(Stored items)

'''

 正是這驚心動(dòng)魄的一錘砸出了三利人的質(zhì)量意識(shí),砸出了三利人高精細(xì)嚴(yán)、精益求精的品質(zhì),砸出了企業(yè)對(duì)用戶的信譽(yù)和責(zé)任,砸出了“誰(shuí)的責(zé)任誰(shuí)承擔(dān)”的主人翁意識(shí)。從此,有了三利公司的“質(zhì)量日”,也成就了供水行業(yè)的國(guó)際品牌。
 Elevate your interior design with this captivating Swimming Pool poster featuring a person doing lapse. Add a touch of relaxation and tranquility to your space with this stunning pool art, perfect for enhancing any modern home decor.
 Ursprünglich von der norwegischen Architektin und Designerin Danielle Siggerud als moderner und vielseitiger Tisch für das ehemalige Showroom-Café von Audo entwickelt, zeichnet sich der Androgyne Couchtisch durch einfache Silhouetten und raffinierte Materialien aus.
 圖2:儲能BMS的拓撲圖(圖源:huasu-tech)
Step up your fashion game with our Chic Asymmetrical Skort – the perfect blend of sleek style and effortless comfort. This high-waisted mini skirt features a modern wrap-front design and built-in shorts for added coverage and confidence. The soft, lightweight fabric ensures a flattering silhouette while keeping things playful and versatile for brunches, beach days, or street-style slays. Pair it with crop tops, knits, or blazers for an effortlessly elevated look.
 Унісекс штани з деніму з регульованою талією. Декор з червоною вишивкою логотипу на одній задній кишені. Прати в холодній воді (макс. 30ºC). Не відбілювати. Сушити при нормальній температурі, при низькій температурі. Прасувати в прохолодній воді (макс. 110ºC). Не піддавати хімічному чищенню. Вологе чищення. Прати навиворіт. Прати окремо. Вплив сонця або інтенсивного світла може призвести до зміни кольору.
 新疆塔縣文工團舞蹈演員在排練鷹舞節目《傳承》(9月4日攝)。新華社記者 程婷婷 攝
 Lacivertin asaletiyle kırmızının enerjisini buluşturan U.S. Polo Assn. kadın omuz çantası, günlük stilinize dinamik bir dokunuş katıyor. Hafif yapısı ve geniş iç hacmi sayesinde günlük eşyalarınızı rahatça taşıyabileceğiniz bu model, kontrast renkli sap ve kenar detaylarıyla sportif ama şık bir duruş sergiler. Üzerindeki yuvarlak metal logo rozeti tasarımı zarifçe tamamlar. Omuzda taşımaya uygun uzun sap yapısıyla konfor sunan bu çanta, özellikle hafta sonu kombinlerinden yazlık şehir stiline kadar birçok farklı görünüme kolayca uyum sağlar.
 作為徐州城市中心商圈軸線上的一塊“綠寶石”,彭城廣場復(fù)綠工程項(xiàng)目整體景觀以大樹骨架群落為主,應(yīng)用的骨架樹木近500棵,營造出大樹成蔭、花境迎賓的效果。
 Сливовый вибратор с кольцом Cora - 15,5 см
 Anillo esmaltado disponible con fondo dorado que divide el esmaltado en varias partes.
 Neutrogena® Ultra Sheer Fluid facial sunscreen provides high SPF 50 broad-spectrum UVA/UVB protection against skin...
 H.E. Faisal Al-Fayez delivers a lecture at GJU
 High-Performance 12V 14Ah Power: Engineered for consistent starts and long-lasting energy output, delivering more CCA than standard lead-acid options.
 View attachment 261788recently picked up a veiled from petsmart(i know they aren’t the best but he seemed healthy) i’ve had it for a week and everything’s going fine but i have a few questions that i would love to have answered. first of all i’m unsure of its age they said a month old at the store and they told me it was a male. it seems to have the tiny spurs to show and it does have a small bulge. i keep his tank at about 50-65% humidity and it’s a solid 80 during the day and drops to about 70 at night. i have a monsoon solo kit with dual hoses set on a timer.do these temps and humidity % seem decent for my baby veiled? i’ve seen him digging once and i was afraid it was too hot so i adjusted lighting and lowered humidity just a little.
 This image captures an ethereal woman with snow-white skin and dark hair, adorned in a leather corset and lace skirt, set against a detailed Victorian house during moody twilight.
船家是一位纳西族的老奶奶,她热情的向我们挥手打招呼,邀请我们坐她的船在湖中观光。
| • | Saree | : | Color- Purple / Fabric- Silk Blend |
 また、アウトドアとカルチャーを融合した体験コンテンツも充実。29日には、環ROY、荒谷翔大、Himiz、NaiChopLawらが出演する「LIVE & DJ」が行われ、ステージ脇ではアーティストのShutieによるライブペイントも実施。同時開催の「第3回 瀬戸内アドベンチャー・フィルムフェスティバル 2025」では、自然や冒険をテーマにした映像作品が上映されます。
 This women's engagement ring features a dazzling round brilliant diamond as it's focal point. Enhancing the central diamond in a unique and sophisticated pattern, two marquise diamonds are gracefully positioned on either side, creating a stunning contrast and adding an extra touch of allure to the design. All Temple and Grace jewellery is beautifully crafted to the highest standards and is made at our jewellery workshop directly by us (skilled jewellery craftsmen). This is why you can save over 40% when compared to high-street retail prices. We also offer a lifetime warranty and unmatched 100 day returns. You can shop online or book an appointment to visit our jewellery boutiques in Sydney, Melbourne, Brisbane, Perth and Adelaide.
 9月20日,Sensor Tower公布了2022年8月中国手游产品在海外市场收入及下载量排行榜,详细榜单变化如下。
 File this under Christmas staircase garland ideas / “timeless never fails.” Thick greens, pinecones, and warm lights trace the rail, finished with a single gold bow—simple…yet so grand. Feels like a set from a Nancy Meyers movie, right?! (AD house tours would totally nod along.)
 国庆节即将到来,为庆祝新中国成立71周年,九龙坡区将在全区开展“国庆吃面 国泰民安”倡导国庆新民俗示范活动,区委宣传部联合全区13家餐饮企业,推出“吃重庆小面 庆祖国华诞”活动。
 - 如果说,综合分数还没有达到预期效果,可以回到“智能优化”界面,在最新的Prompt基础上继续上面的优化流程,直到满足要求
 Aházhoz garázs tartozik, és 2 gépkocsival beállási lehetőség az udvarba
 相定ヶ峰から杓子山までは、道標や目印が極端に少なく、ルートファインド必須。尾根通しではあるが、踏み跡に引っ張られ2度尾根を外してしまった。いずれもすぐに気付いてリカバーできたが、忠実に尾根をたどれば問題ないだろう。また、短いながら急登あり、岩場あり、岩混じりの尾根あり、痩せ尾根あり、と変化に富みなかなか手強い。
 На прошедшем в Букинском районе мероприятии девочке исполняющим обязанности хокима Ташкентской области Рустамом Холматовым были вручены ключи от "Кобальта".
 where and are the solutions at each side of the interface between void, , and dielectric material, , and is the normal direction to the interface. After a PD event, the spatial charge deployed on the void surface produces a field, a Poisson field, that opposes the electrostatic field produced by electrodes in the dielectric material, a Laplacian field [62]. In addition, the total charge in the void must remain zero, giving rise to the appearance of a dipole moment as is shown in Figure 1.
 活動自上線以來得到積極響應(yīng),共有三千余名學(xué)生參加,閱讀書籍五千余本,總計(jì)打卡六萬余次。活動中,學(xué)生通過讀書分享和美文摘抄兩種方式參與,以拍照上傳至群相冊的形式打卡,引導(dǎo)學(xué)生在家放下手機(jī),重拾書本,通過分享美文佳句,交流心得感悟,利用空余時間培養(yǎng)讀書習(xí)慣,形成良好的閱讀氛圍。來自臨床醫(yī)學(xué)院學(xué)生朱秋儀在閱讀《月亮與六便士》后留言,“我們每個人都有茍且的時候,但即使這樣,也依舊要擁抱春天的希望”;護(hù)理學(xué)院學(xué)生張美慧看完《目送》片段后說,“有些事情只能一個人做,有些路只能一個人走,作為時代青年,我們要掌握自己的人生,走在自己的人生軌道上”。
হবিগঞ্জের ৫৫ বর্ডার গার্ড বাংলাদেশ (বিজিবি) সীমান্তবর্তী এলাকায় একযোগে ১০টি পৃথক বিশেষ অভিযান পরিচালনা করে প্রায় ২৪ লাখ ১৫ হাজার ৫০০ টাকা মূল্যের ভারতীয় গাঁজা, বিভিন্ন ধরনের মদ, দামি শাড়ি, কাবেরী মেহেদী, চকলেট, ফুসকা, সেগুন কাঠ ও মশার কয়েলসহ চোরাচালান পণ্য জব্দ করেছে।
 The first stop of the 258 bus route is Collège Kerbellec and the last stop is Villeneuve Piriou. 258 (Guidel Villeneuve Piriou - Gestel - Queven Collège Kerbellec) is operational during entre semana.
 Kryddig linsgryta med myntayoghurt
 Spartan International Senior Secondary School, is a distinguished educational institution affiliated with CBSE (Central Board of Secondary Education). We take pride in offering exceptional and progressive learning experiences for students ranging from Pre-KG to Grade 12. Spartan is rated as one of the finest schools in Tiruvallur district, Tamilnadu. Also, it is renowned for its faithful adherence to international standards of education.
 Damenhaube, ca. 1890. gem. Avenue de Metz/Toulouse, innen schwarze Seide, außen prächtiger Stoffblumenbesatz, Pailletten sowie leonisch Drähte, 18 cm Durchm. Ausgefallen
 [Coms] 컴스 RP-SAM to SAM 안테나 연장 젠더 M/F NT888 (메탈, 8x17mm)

'''

Directions: The response must contain each line above that holds the string "skin".

Expected answer:
 Neutrogena® Ultra Sheer Fluid facial sunscreen provides high SPF 50 broad-spectrum UVA/UVB protection against skin...
 This image captures an ethereal woman with snow-white skin and dark hair, adorned in a leather corset and lace skirt, set against a detailed Victorian house during moody twilight.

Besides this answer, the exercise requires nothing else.